=== WHAT THE TASK REQUIRES ===
What you return should be the lines from the one with "This figure from" through the one with "YKK metal zipper" in the data below, reproduced exactly with both ends, and no pictures at all.

=== RECORDS ===
——

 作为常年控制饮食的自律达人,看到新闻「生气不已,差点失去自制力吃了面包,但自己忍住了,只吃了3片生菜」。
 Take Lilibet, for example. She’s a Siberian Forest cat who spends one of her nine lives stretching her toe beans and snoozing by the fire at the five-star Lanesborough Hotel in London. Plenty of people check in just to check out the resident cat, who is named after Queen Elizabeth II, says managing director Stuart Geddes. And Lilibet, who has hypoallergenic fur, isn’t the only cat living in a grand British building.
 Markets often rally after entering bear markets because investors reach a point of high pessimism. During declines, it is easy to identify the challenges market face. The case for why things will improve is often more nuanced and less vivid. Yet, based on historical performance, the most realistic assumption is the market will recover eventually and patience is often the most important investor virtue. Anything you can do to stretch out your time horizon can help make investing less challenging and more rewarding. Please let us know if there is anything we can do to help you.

——

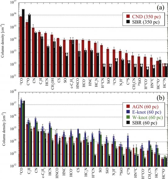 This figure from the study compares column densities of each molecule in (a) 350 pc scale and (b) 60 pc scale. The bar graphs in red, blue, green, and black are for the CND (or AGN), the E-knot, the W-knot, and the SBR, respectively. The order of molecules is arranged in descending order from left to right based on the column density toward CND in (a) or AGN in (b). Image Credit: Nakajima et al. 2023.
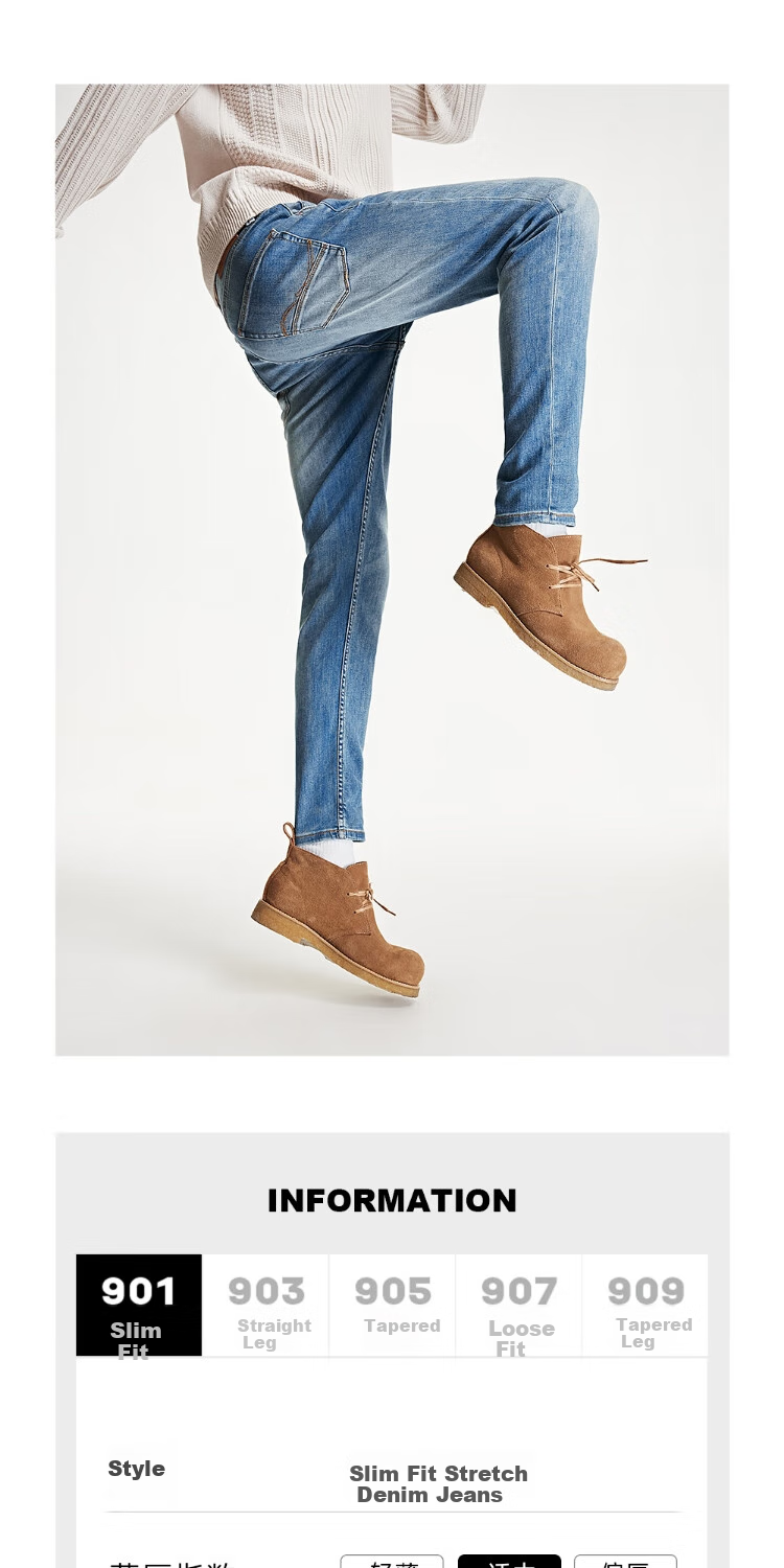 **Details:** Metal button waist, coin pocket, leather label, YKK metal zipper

——

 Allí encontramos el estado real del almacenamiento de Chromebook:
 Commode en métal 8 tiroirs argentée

——

=== SOLUTION TO THE EXERCISE ===
 This figure from the study compares column densities of each molecule in (a) 350 pc scale and (b) 60 pc scale. The bar graphs in red, blue, green, and black are for the CND (or AGN), the E-knot, the W-knot, and the SBR, respectively. The order of molecules is arranged in descending order from left to right based on the column density toward CND in (a) or AGN in (b). Image Credit: Nakajima et al. 2023.
 **Details:** Metal button waist, coin pocket, leather label, YKK metal zipper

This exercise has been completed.